* [Exercise requirements]: In the data below, restate exactly the lines from the one with "清晨、深夜,在车流间隙,华丽" to the final line, both included, but not the pictures.

* [Excerpted records]:
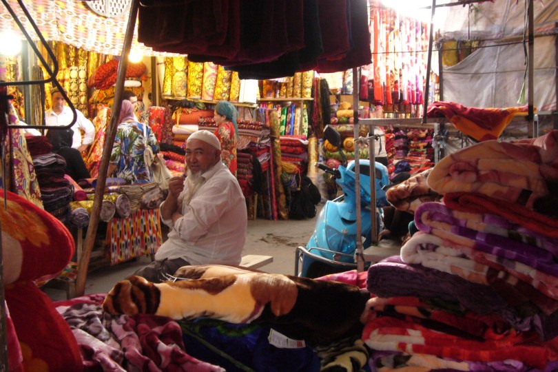 Selling fabrics on Sunday market
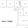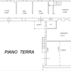 Il piano terra è composto da cucina, sala, ingresso, w.c. e due vani ad uso servizi (lavanderia e cantina). Il piano primo, destinato a zona notte, ospita cinque camere da letto, un bagno e un disimpegno.
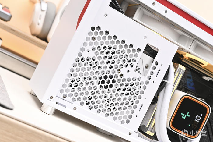 左側爲特色電源倉設計。可安裝 ATX(長度≤140mm)、SFX、SFX-L 電源。上方內部還可安裝 1 個 2.5 寸 SSD。
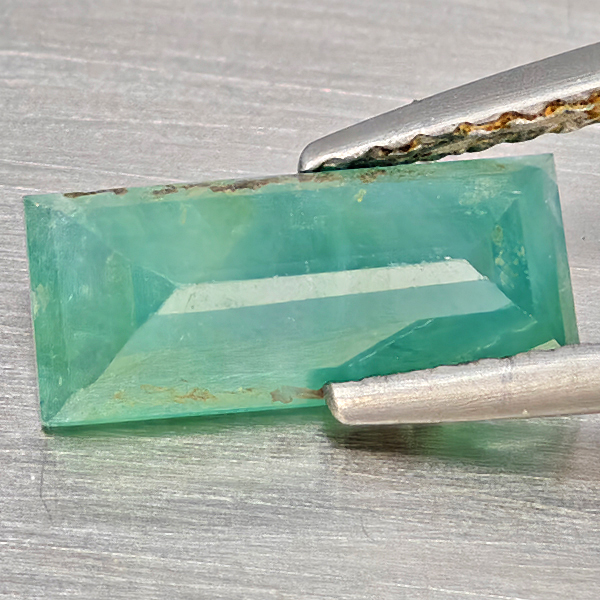 Natural Green Blueish Grandidierite 1.26 Ct. Baguette Shape 10 x 4.4 Mm Gemstone from Madagascar
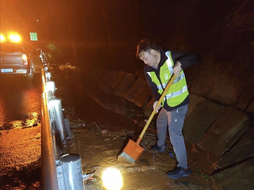 清晨、深夜,在车流间隙,华丽高速公路养护员们已经开始忙碌,检查路面、铲除淤泥等。(供图)
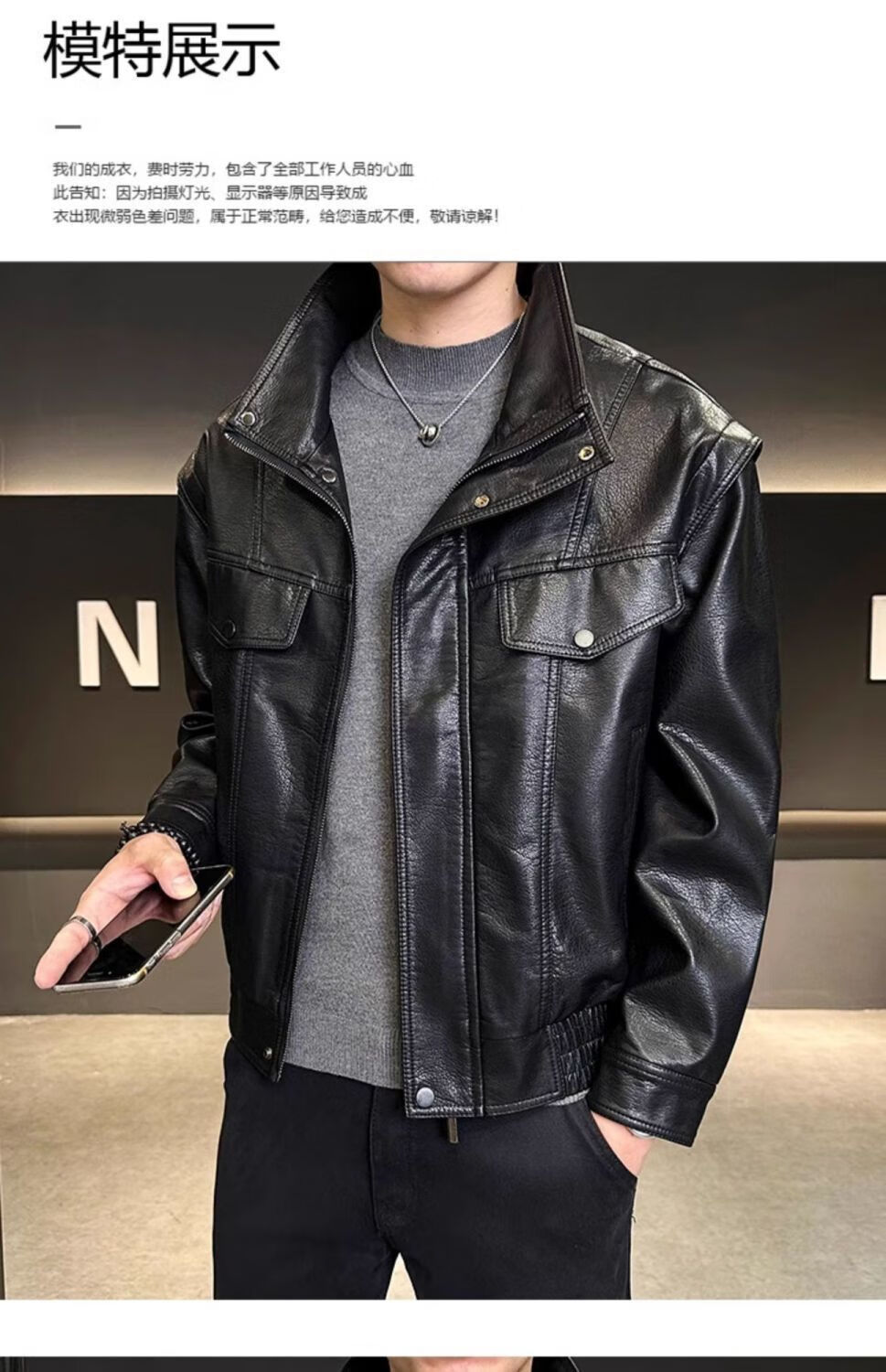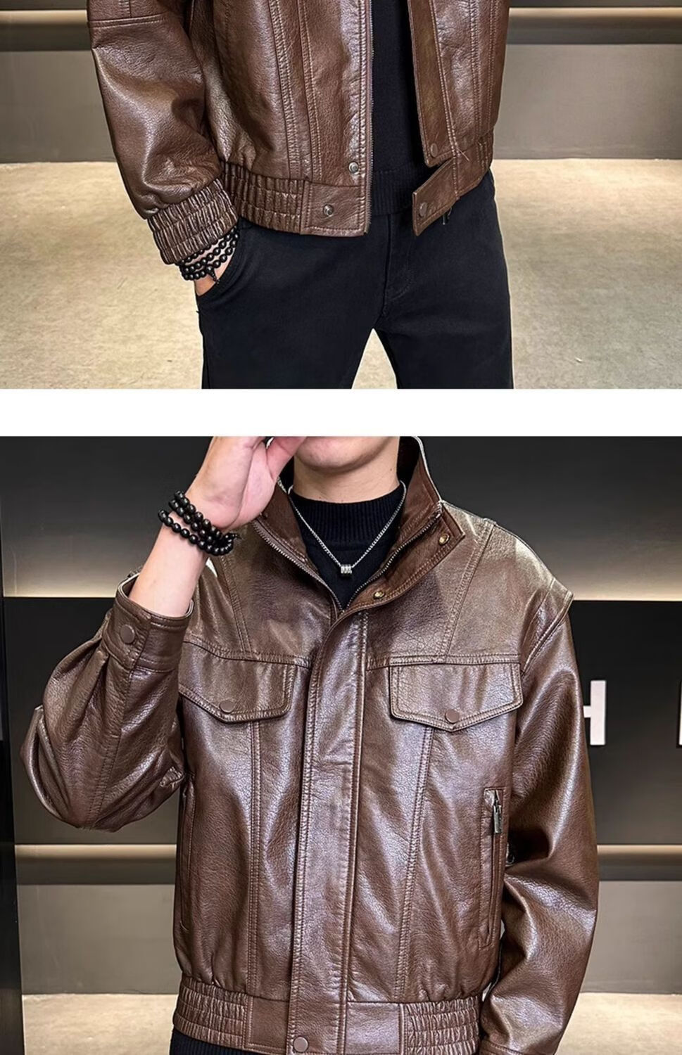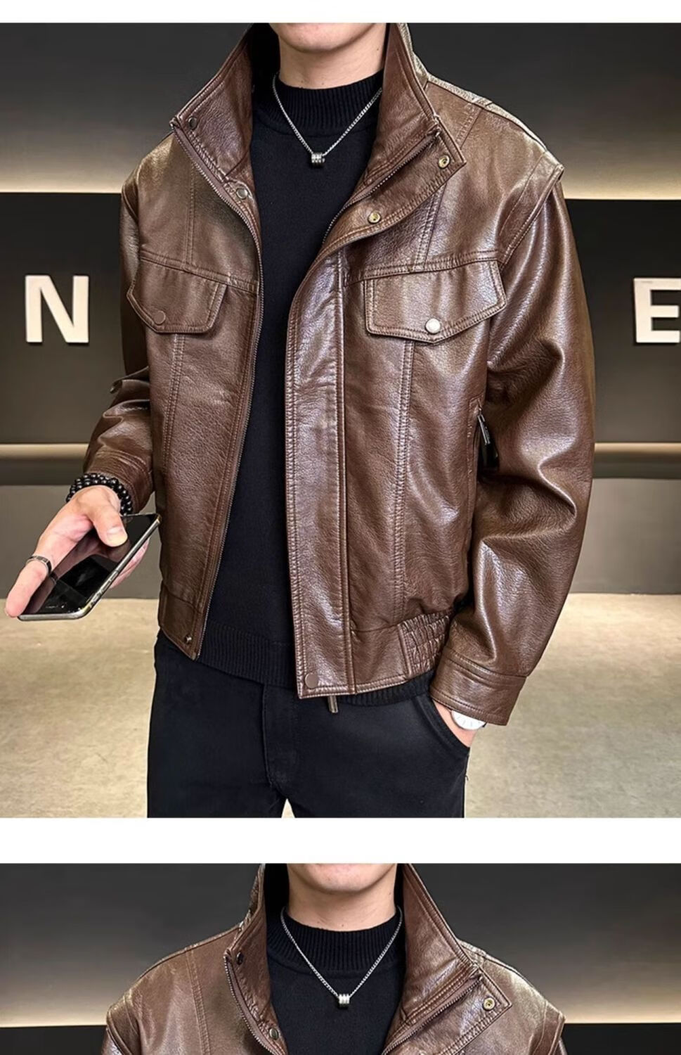 Playboy (PLAYBOY) Haining Motorcycle Leather Jacket Business Casual Lapel New Trendy Handsome Slim Men's Leather Jacket Short Style Brown 4XL Recommended 170-190 Jin Jin equals 0.5 kg

* [Output of the task]:
 清晨、深夜,在车流间隙,华丽高速公路养护员们已经开始忙碌,检查路面、铲除淤泥等。(供图)
 Playboy (PLAYBOY) Haining Motorcycle Leather Jacket Business Casual Lapel New Trendy Handsome Slim Men's Leather Jacket Short Style Brown 4XL Recommended 170-190 Jin Jin equals 0.5 kg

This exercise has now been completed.